Regarding the “reasonable expectation” requirement, the court applied the findings of other courts that an employee does not have a reasonable expectation of confidentiality over personal emails sent through her employer’s email system if two things are present. First, the employer must have a policy in place that restricts employees’ use of the email system. Second, the employer must have provided notice of this lack of confidentiality to the employee.
Here, the court easily found that the VA met these requirements. Both the policy and handbook clearly stated that employees may use the agency’s email system for personal use on a limited basis but that in any event those emails were not private and subject to monitoring. And the VA had evidence that Sickels had acknowledged that personal email use was not private.
The court held that Sickels had no reasonable expectation of privacy and the emails between her and her lawyer were not confidential. And without confidentiality, there is no privilege and the court permitted the VA to use the 20 emails as it wishes to do.
POP Analysis
Several good takeaways here. For lawyers representing employers, ensure that your client has an appropriate personal email policy that at a minimum declares that employees do not have a reasonable expectation of confidentiality over those personal emails. But that policy may be no good unless you can prove the employee was aware of it, so include an acknowledgement of the non-confidentiality as you may perhaps do with acknowledgment of other policy and procedures.

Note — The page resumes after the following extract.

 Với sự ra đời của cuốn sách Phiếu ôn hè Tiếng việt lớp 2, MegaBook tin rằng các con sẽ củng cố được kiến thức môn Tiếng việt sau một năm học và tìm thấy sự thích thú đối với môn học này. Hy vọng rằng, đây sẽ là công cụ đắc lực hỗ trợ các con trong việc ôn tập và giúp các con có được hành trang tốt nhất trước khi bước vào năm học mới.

For lawyers representing employees, it is common for them to email you from the workplace and, despite any non-confidentiality policy, may not fully appreciate the privilege repercussions. When emails arrive from the employer’s email address, don’t respond, pick up the phone to explain the situation, and find a more secure and confidential avenue to communicate.
Finally, the VA lawyers’ approach to the situation represents good guidance for the rest of us. Whenever you find yourself in possession of an adversary’s privileged information, whether through inadvertence or otherwise, the better practice is to sequester the emails, notify opposing counsel, and then seek a privilege ruling before using the information.

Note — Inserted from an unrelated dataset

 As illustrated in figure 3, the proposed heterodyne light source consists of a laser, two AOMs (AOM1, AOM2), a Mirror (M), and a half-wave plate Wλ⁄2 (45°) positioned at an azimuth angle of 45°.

Yeah I definitely made mistakes early on with my case, unfortunately most of my evidence was stored on a government computer. And my lawyer and his partners were splitting so with such short deadlines to reply to Interrogatory questions I used my evidence, emails to myself that had time and date stamps to make replies and submit things to both lawyers offices as fast as I could. In retrospect I would certainly have forwarded everything to my personal email then built the answers up there and submitted from home. Government is tricky they give you time at work on your case but fail to remind you that their system is free information for them.
Edit to add** luckily none of the communication was vital it was simply questions to my lawyer like, hi its been 6 years I don’t remember the time or date of this incident but my notes say summer of 20XX. How should I respond. His replies were just put that about summer of 20XX this happened.. all information from those emails they gained was already information they had received as part of our evidence in the process of my case. I hope though that any of your blog followers who are going through employment eeo cases take notice of my mistake as an example of what not to do. My personal take is hopefully something good comes out of my case for employees nationwide moving forward. And maybe people like me will be treated a little better moving forward.